▶ **TASK PROMPT**
Pictures do not belong in the copy; retype the records below exactly.

Records from a data source
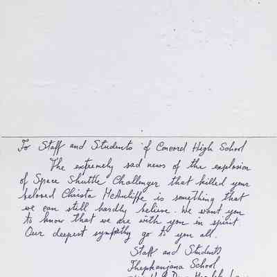 Sympathy Card Addressed to the Staff and Students of Concord High School from Thepkanjana School Staff and Students Dated January 29, 1986
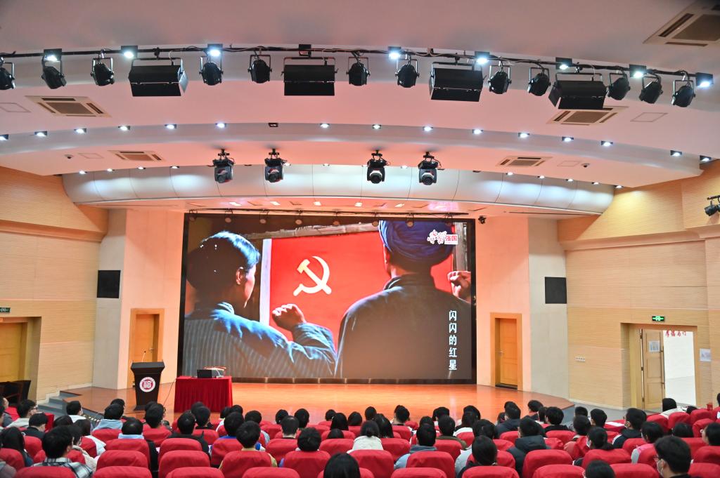 随后,会场播放了微视频《我宣誓》。视频中,一代又一代优秀中国共产党人用青春、热血乃至生命,践行自己在党旗下的铮铮誓言。无论身处哪个年代、身在哪个岗位,他们都把为人民为国家为民族赴汤蹈火、无私奉献,当作人生崇高价值追求,当作矢志不渝的初心使命,堪称新时代广大党员干部学习的光辉典范。全场党员被深深感动,心潮澎湃。微视频的播放将现场氛围带向了高潮。
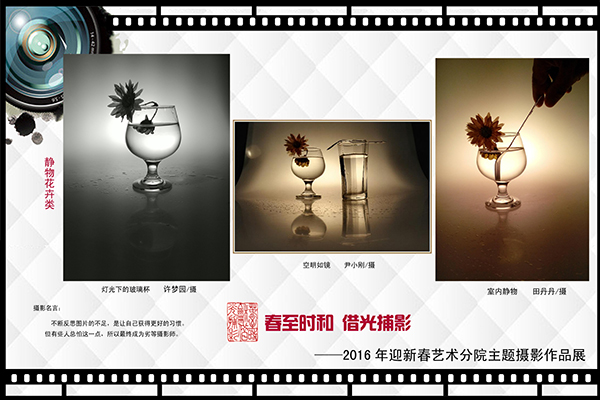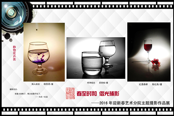 为庆祝2016年的到来💆🏽,同时见证和考察艺术分院学生对摄影这门学科的掌握水平,激励更多学生通过此次主题摄影作品展体会到“读图时代”好的摄影作品的重要性,为此艺术分院于元月6日在学院一号教学楼大厅举办了“春至时和 借光捕影——2016年迎新春艺术分院主题摄影作品展”活动。
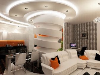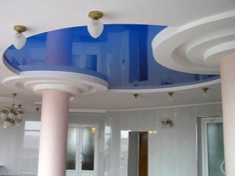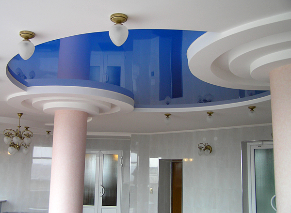 Das Design der Spanndecke ist ein Rahmen, auf dem eine spezielle Art von Material gespannt wird. Die Spannung ist ziemlich starr, und das Material ist gut fixiert, so dass dieses Design sehr ordentlich aussieht. Mit solchen Systemen können Sie absolut jedes Design realisieren, selbst wenn die Decke Öffnungen für Säulen, Hauben oder betont betonte Kommunikationssysteme aufweist.
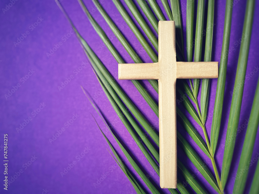 Lent season Holy week and Good friday concept Palm leave and cross on
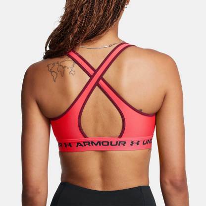 Designed with feedback from female athletes, the Under Armour Mid Crossback Bra blends comfort and support. Its improved design opens up the keyhole for stand-out style and easy removal. Enjoy better support and coverage where you need it from the higher neckline. Super-breathable, re-engineered pads feature a more natural contour that won't slip or lose shape. Fast-drying and moisture-wicking, the Unthtder Armthtour Mid Crossback Bra is an exercise essential!
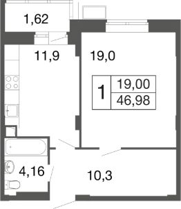 1-комн. квартира в ЖК комфорт-класса "Времена года" на 1 этаже в 9 этажном корпусе 2. Общая площадь: 46.98 кв.м., жилая: 19.00 кв.м. Высота потолков 2.76 м. "Времена года" современный жилой комплекс комфорт-класса, расположенный в тихом и зеленом подмосковном городе Апрелевка, в 1 минуте пешком от станции МЦД-4 "Победа".
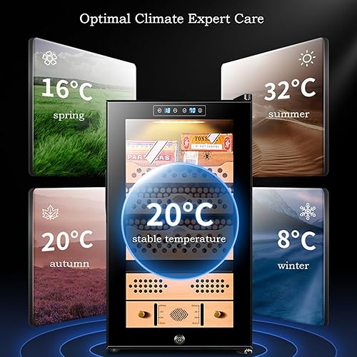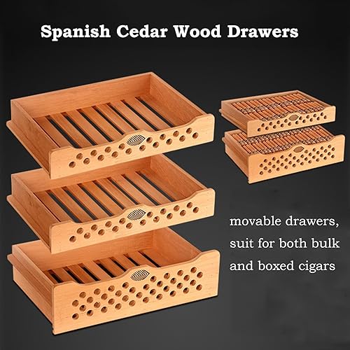 Cave à cigares électrique 70 L avec contrôle de l'humidité de refroidissement et de chauffage Cave à cigares électrique silencieuse for 400 cigares Cave à cigares avec tiroirs en bois de cèdre espagno
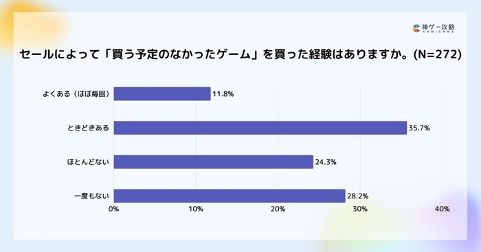セールによって予定外のゲームを購入した経験の有無はほぼ半々
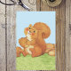 This vintage image has a sweet, cute little brown squirrel sitting in the grass with a blue sky behind him. He is holding an acorn and is surrounded by more acorns and nuts. He is licking his lips anticipating his delicious meal of nuts. See my store Art by MAR for matching products with this design.
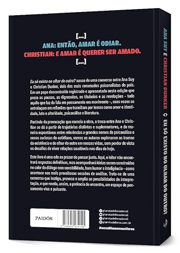 Amor, existência e uma conversa franca entre dois dos mais renomados psicanalistas do país! Eu só existo no olhar do outro? nasce de uma conversa entre Ana Suy e Christian Dunker, dois dos mais renomados psicanalistas do país. Em um papo descontraído registrado e apresentado nesta edição que preza as pausas, as digressões, os titubeios e as revelações – tudo aquilo que faz da fala um pensamento em movimento –, suas vozes se entrelaçam em reflexões que transitam por temas como amor e identidade, luto e alteridade, psicanálise e literatura. Partindo da provocação que nomeia a obra, a troca entre Ana e Christian se dá a partir de trajetórias distintas e suplementares, e de maneira espontânea: entre referências a grandes nomes da psicanálise e cenas curiosas do cotidiano, vemos os autores explorarem as tramas da existência e do olhar do outro em nossas vidas, sem perder de vista os desafios de viver relações saudáveis nos dias de hoje. Este livro é uma ode ao prazer de pensar junto. Aqui, o leitor não encontrará respostas definitivas, mas acompanhará ideias serem construídas no calor do diálogo com sensibilidade, bom humor e inteligência – como acontece nas mais proveitosas sessões de análise. Trata-se de uma conversa que instiga, provoca e amplia as possibilidades de interpretação, e que revela, assim, a potência do encontro, um espaço de pensamento vivo e pulsante.

▶ **ANSWER SECTION**
 Sympathy Card Addressed to the Staff and Students of Concord High School from Thepkanjana School Staff and Students Dated January 29, 1986
 随后,会场播放了微视频《我宣誓》。视频中,一代又一代优秀中国共产党人用青春、热血乃至生命,践行自己在党旗下的铮铮誓言。无论身处哪个年代、身在哪个岗位,他们都把为人民为国家为民族赴汤蹈火、无私奉献,当作人生崇高价值追求,当作矢志不渝的初心使命,堪称新时代广大党员干部学习的光辉典范。全场党员被深深感动,心潮澎湃。微视频的播放将现场氛围带向了高潮。
 为庆祝2016年的到来💆🏽,同时见证和考察艺术分院学生对摄影这门学科的掌握水平,激励更多学生通过此次主题摄影作品展体会到“读图时代”好的摄影作品的重要性,为此艺术分院于元月6日在学院一号教学楼大厅举办了“春至时和 借光捕影——2016年迎新春艺术分院主题摄影作品展”活动。
 Das Design der Spanndecke ist ein Rahmen, auf dem eine spezielle Art von Material gespannt wird. Die Spannung ist ziemlich starr, und das Material ist gut fixiert, so dass dieses Design sehr ordentlich aussieht. Mit solchen Systemen können Sie absolut jedes Design realisieren, selbst wenn die Decke Öffnungen für Säulen, Hauben oder betont betonte Kommunikationssysteme aufweist.
 Lent season Holy week and Good friday concept Palm leave and cross on
 Designed with feedback from female athletes, the Under Armour Mid Crossback Bra blends comfort and support. Its improved design opens up the keyhole for stand-out style and easy removal. Enjoy better support and coverage where you need it from the higher neckline. Super-breathable, re-engineered pads feature a more natural contour that won't slip or lose shape. Fast-drying and moisture-wicking, the Unthtder Armthtour Mid Crossback Bra is an exercise essential!
 1-комн. квартира в ЖК комфорт-класса "Времена года" на 1 этаже в 9 этажном корпусе 2. Общая площадь: 46.98 кв.м., жилая: 19.00 кв.м. Высота потолков 2.76 м. "Времена года" современный жилой комплекс комфорт-класса, расположенный в тихом и зеленом подмосковном городе Апрелевка, в 1 минуте пешком от станции МЦД-4 "Победа".
 Cave à cigares électrique 70 L avec contrôle de l'humidité de refroidissement et de chauffage Cave à cigares électrique silencieuse for 400 cigares Cave à cigares avec tiroirs en bois de cèdre espagno
セールによって予定外のゲームを購入した経験の有無はほぼ半々
 This vintage image has a sweet, cute little brown squirrel sitting in the grass with a blue sky behind him. He is holding an acorn and is surrounded by more acorns and nuts. He is licking his lips anticipating his delicious meal of nuts. See my store Art by MAR for matching products with this design.
 Amor, existência e uma conversa franca entre dois dos mais renomados psicanalistas do país! Eu só existo no olhar do outro? nasce de uma conversa entre Ana Suy e Christian Dunker, dois dos mais renomados psicanalistas do país. Em um papo descontraído registrado e apresentado nesta edição que preza as pausas, as digressões, os titubeios e as revelações – tudo aquilo que faz da fala um pensamento em movimento –, suas vozes se entrelaçam em reflexões que transitam por temas como amor e identidade, luto e alteridade, psicanálise e literatura. Partindo da provocação que nomeia a obra, a troca entre Ana e Christian se dá a partir de trajetórias distintas e suplementares, e de maneira espontânea: entre referências a grandes nomes da psicanálise e cenas curiosas do cotidiano, vemos os autores explorarem as tramas da existência e do olhar do outro em nossas vidas, sem perder de vista os desafios de viver relações saudáveis nos dias de hoje. Este livro é uma ode ao prazer de pensar junto. Aqui, o leitor não encontrará respostas definitivas, mas acompanhará ideias serem construídas no calor do diálogo com sensibilidade, bom humor e inteligência – como acontece nas mais proveitosas sessões de análise. Trata-se de uma conversa que instiga, provoca e amplia as possibilidades de interpretação, e que revela, assim, a potência do encontro, um espaço de pensamento vivo e pulsante.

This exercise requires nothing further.